- The Washington Times - Saturday, February 8, 2003

The Washington Redskins and defensive tackle Daryl Gardener agreed yesterday on most points in a six-year contract with a $5million signing bonus, NFL sources said, but agent Neil Schwartz left town late last night without a deal completed.

The sticking point was the total compensation for the first three years for Gardener, the best of 10 Redskins headed for unrestricted free agency.

Gardeners expectations were loosely based around the contract he lost when the Miami Dolphins cut him last summer. He had been set to receive more than $15million from 2003 to 2005, and he hoped to recoup that money in this deal.

The Redskins, led in talks by owner Dan Snyder, and Schwartz hoped an agreement would be struck during a meeting last night, but it was not despite significant progress earlier in the day. Talks will continue with a deal possible in coming days.

"If I have to come back tomorrow, I will," Schwartz said before getting on a plane last night.

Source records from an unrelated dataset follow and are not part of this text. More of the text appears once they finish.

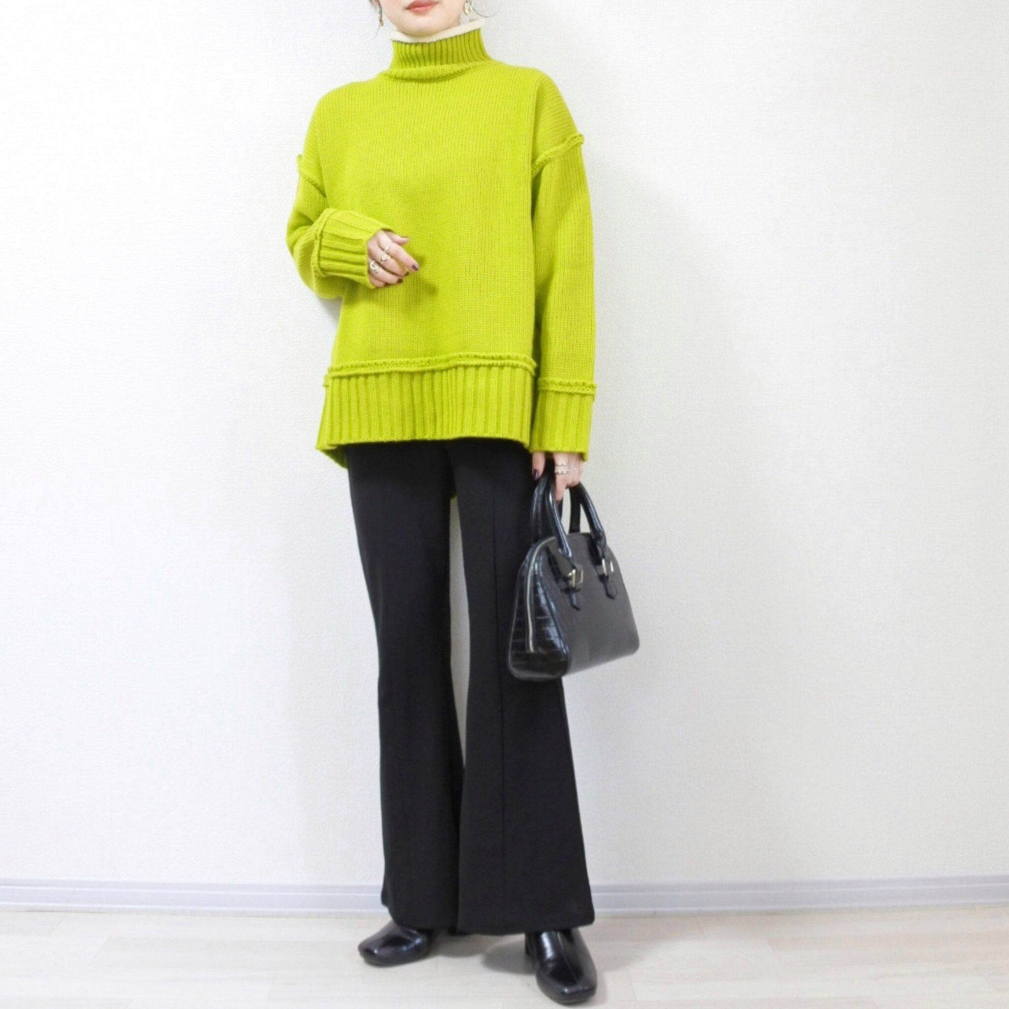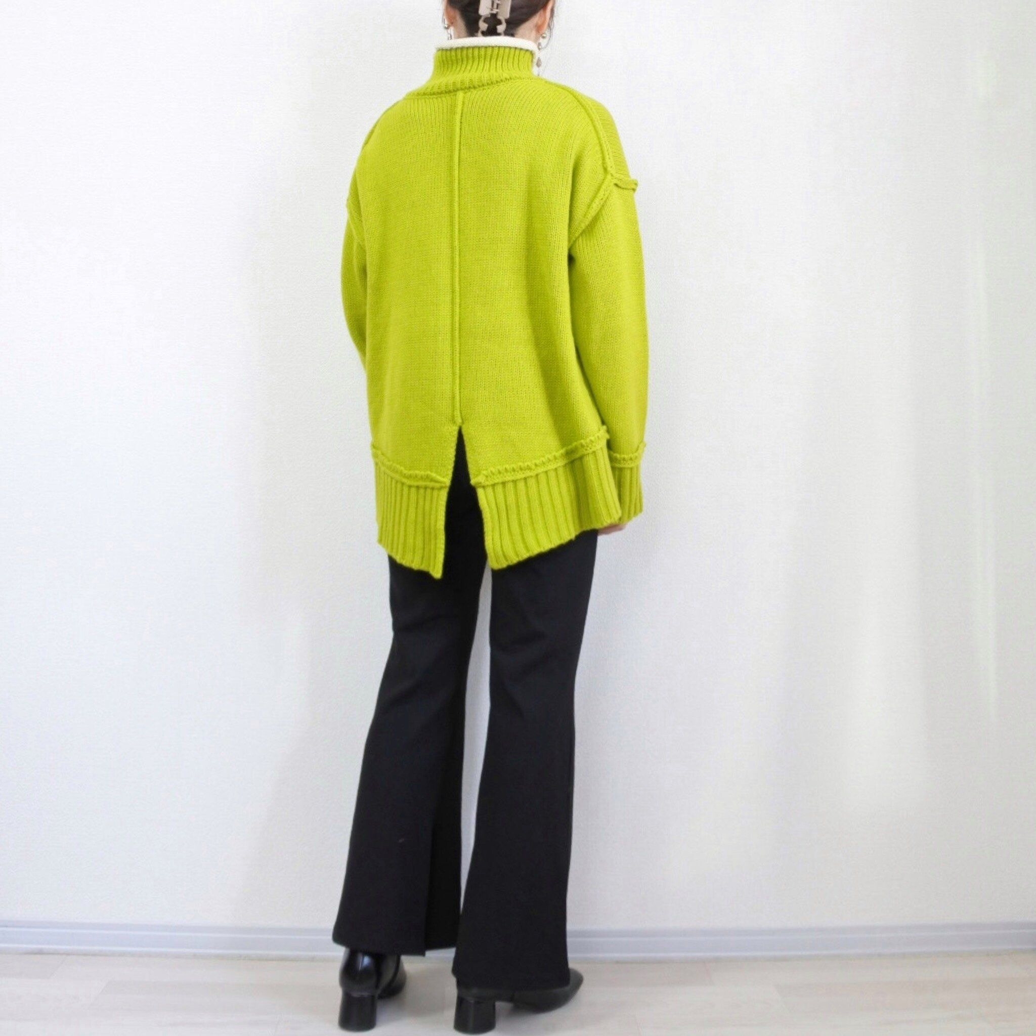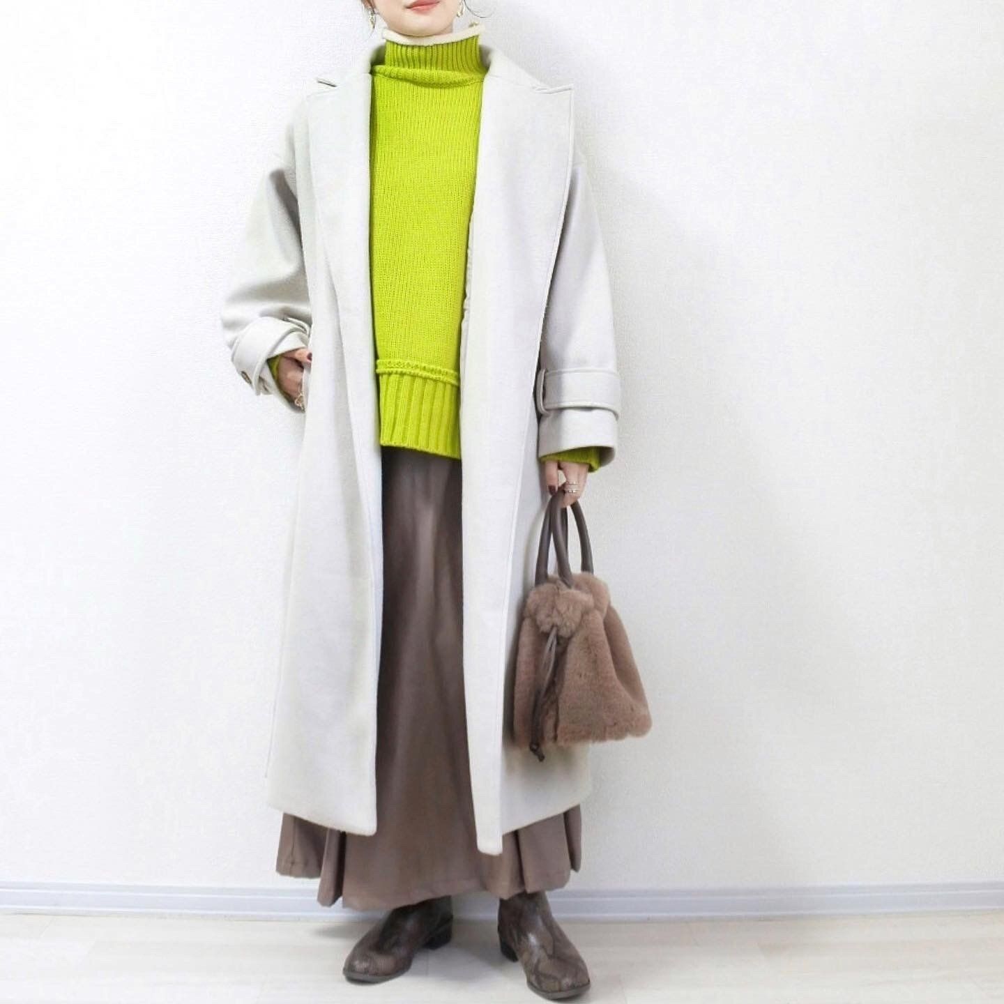 今回は配色デザインが可愛いライムグリーンのニットの着こなし方をご紹介していきます。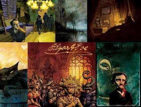 Ofrecemos el preview de Poly Bernatene para las obras de Edgar Allan Poe, donde aparece un retrato del escritor junto a varias de las imágenes incluidas en los libros. (Click en la imagen para verla más grande.)
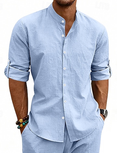 Homme Chemise Chemise en lin Chemise d'été Chemise Décontractée Chemise Boutonnée Uni Occasionnel Quotidien Bleu Noir Blanche Rose Claire manche longue Band Collar Été Printemps Vêtement Tenue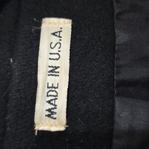 VTG Jill Jr. Womens Black 100% Wool Coat Pockets Pleated Shoulder Sz L? EUC READ. Single button close with another button at neck. Measurements in pics. Made in USA. Pre-owned, very good vintage condition.

Of concern for both sides was Gardeners back and how it affects his value. Gardener, who will turn 30 later this month, had back surgery in 2000 and 2001 as a Dolphin and endured back spasms before and in the early part of last season as a Redskin.

After being cut by Miami, Gardener signed with Washington for $775,000, which included a $250,000 signing bonus. His market value had dropped because of questions about his back and level of commitment.

Those questions appeared to be answered in 2002, when Gardener was a disruptive force on the interior line and impressive with his work ethic and attitude.

Despite missing much of the preseason and a Sept.16 game against Philadelphia with back spasms, Gardener led Redskins linemen with 71 tackles. He also had four sacks and four passes defensed. And his biggest impact was penetrating the line and creating plays for teammates.

The Redskins and Gardener were considering several ways to protect the club from a setback to his back. In addition to using some type of incentive for staying healthy, it appeared likely that at least one other measure would be included in the final deal.

The first idea was to have Gardener receive a "split" salary if his back flared up. A traditional split is less than the minimum base salary and is paid instead of a players scheduled salary when he goes on injured reserve. It often is negotiated into contracts of injury-prone players or young players without much bargaining power.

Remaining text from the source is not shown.